Le “Fahrenheit 451” de Ray Bradbury embrase France Culture |
Pascal Rénéric et Judith Chemla, portés par la musique de Quentin Sirjacq, font résonner la dystopie de Ray Bradbury avec force et profondeur, dans un concert-fiction mis en ondes pour France Culture.
Dix ans qu’ils espéraient revisiter ce classique : sur France Culture, le réalisateur Alexandre Plank et l’adaptatrice Pauline Thimonnier s’emparent de Fahrenheit 451, de Ray Bradbury, pour un concert-fiction. Paru en 1953, au lendemain de la Seconde Guerre mondiale et en pleine course à l’armement nucléaire, ce roman de science-fiction met en scène une société où la télévision et la radio remplacent la littérature. Les pompiers doivent brûler les livres, comme en écho aux autodafés hitlériens ou aux grandes purges staliniennes. « L’action est prenante, folle, et engage notre réflexion sur notre rapport aux savoirs, à la mémoire et au passé », détaille Pauline Thimonnier, qui a sélectionné les extraits de l’ouvrage ainsi mis en ondes.
Plutôt que sur l’aspect dystopique de l’œuvre, c’est sur le parcours psychologique de Montag, le héros, que les deux acolytes se sont concentrés. « Le texte a été resserré pour montrer comment ce pompier pyromane prend conscience de son humanité. » Pascal Rénéric incarne de façon émouvante cet homme qui déroge à sa mission : il a rencontré Clarisse, qui l’initie au puits de connaissance que sont les livres. « Montag se rend alors compte que son monde ne fonctionne pas, et qu’il doit en faire le deuil », précise Alexandre Plank.

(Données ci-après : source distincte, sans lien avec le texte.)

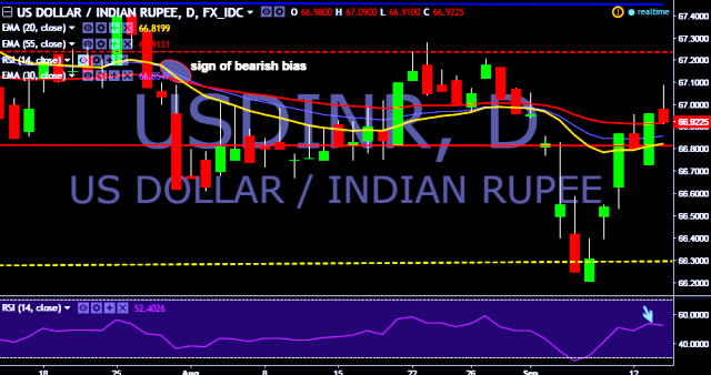 - Intraday bias remains neutral till the time pair holds immediate resistance at 67.05 marks.

Le quatuor Ellipse joue les notes imaginées par le compositeur Quentin Sirjacq — qui le dirige aussi. D’autres musiciens improvisent, pour trouver la musique qui donne à chaque moment, à chaque protagoniste justesse et profondeur. Loin de l’interprétation un peu naïve de Julie Christie dans le film de François Truffaut (1966), Judith Chemla fait de Clarisse une silhouette ambiguë, évanescente, à la diction murmurante. Elle donne le sentiment de pouvoir disparaître si on la touche, s’absenter sans crier gare. La jeune femme figure la conscience de Montag, auquel elle sert de miroir. Contrairement à l’histoire originale, on ne connaîtra pas le sort qui l’attend.
Les pompiers sont, eux, regroupés côté jardin et, comme un chœur antique, s’expriment simultanément. « Ils ne réfléchissent pas individuellement, détaille l’adaptatrice. Ils matérialisent la caserne, mais sont aussi une allégorie de la pensée commune, de la société. » Montag finira par se détacher du groupe. L’auditeur suit ses pérégrinations mentales : va-t-il sauver les livres, et se sauver lui-même ? L’ex-pyromane tente de se raccrocher à la culture et à l’humanité de ses semblables. Dans cette fiction nimbée de douceur, il fait efficacement entendre la détresse et la violence d’un monde qui semble bien proche du nôtre.